DRIVER :
A Spark driver is a JVM process that hosts SparkContext for a Spark application. It is the master node in a Spark application.
The driver (an application’s driver process) splits a Spark application into tasks.
It also schedules them to run on executors. It’s driver responsibility to coordinated with workers and also manage the execution of task.
Driver’s Memory :
In client deploy mode the driver’s memory is the memory of the JVM process the Spark application runs on. The driver memory can be set using spark-submit’s –driver-memory command-line option or by setting the spark.driver.memory configuration.
SparkContext :
Main entry point for Spark functionality.
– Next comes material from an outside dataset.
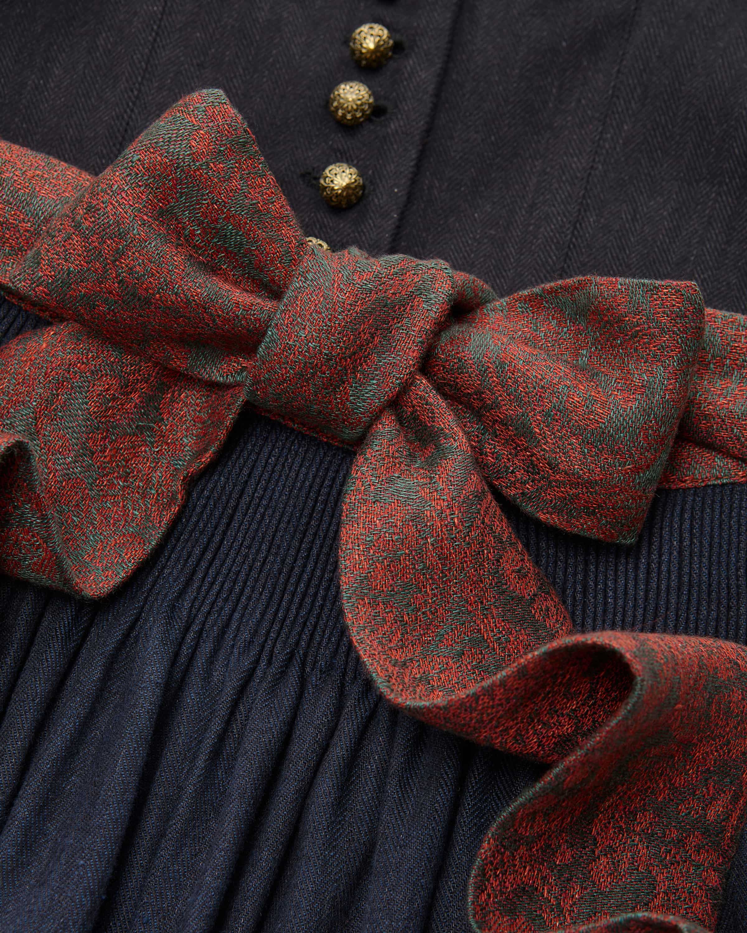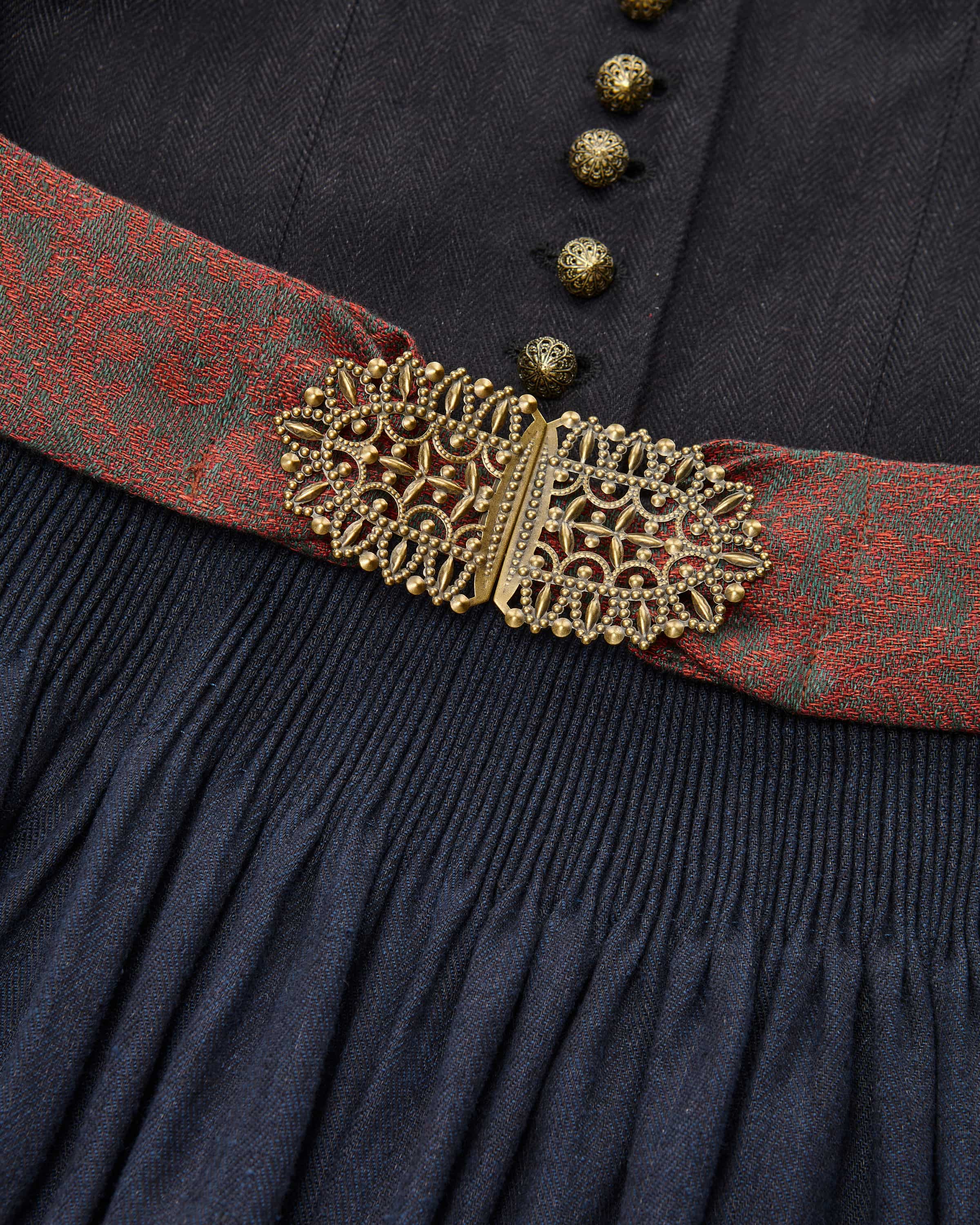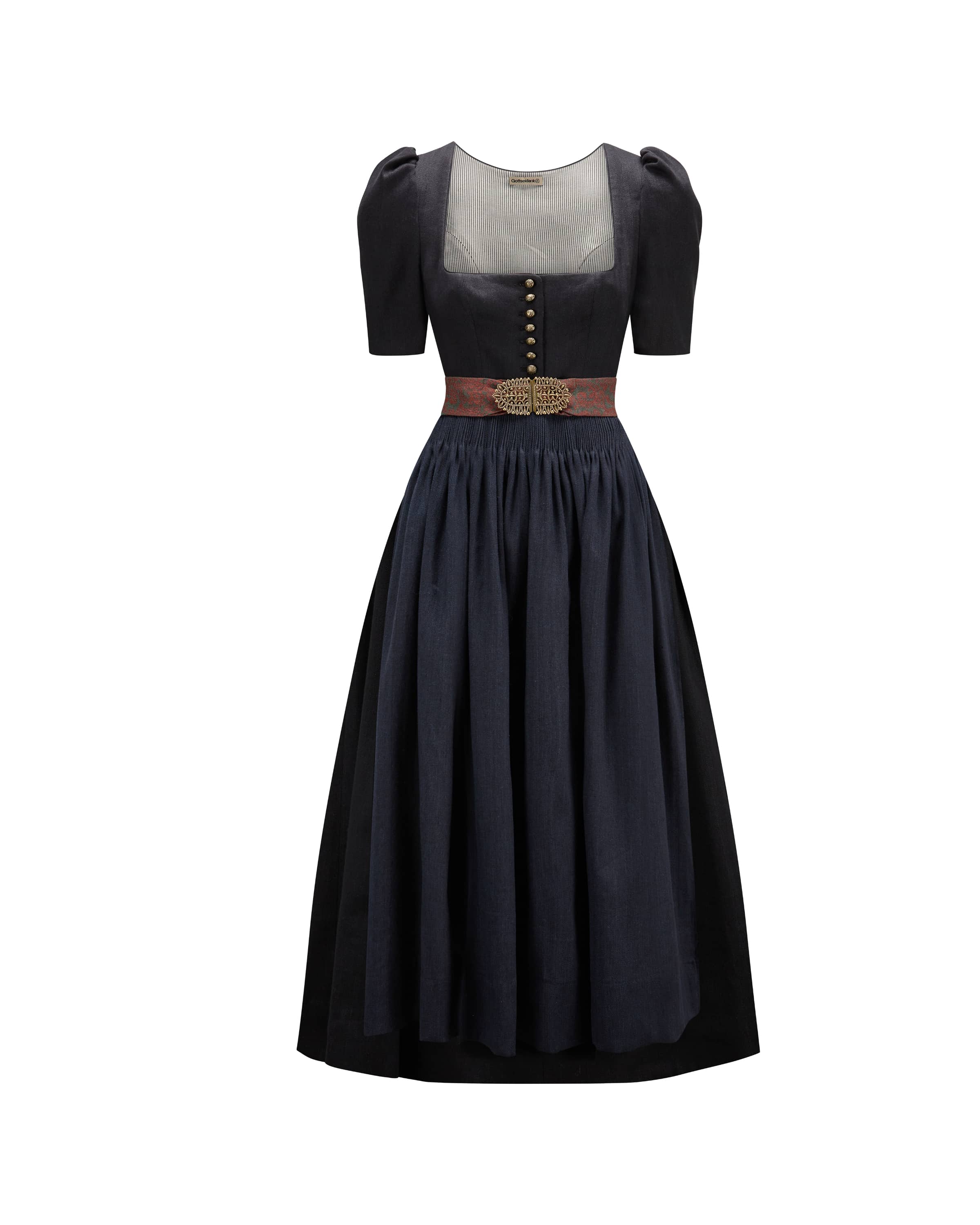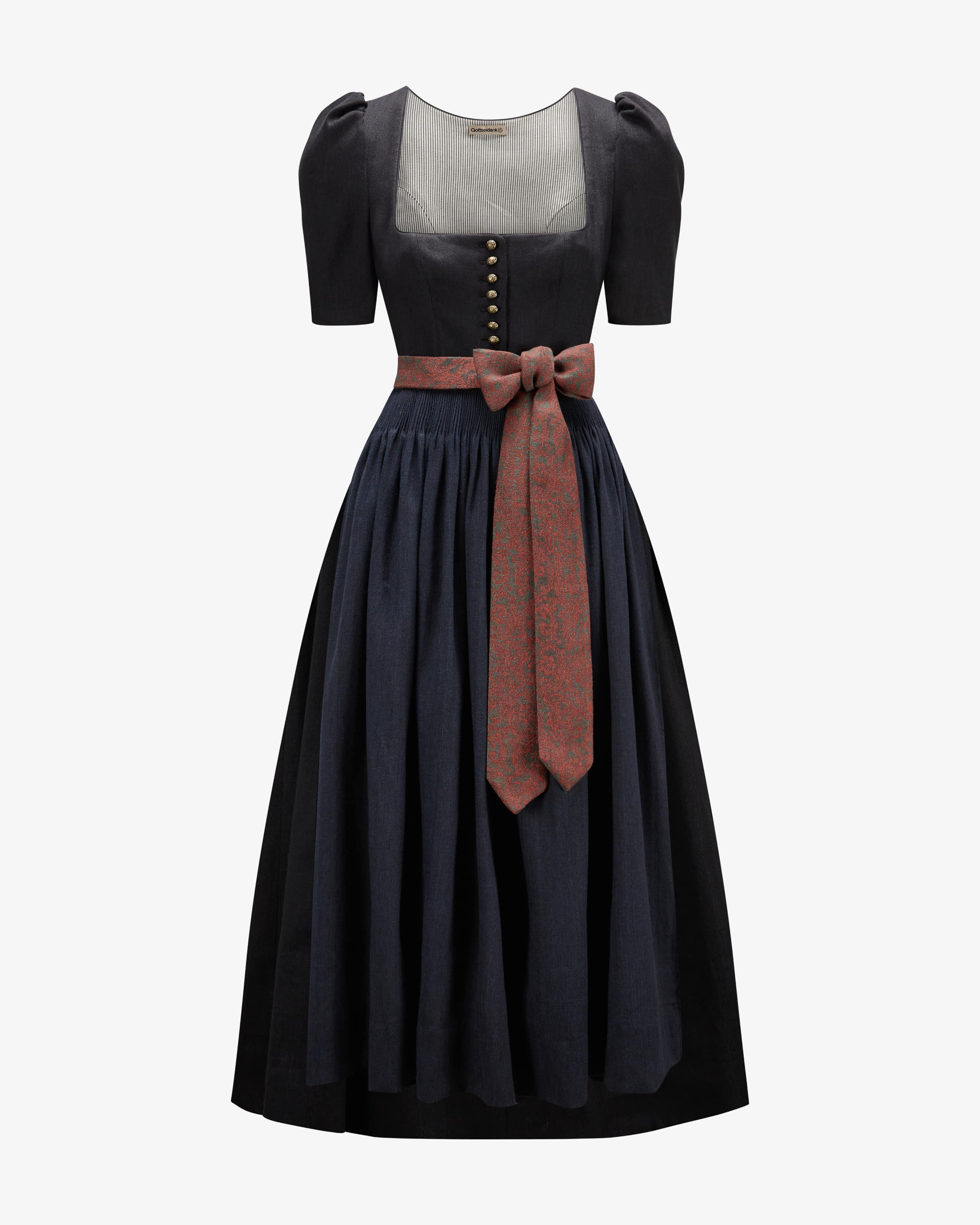 Hanni dirndl long with apron for women from Gottseidank in carbon blue, midnight blue and red. Traditional costume with a modern twist - thanks to the high-quality linen mix, this traditional look and a romantic touch thanks to the feminine puffed sleeves. feminine puffed sleeves. At the same time, the pinned apron with label-typical, interchangeable apron strings skilfully round off the look.

A SparkContext represents the connection to a Spark cluster, and can be used to create RDDs, accumulators and broadcast variables on that cluster.
Only one SparkContext may be active per JVM. You must stop() the active SparkContext before creating a new one.
Once a SparkContext is created you can use it to create RDDs, accumulators and broadcast variables, access Spark services and run jobs (until SparkContext is stopped).
A Spark context is essentially a client of Spark’s execution environment and acts as the master of your Spark application.
Function of Spark Context :
- Running jobs synchronously
- Creating Distributed RDD, Accumulators, Broadcast variables
- Configuration Setup
- Access of different services
- Get the current Status of application
- Cancelling a job
- Cancelling a stage
- Programmable Dynamic Allocation
For detail spark architecture please read my previous article Spark Architecture.
Good article, can you please describe the ‘Executor’ ?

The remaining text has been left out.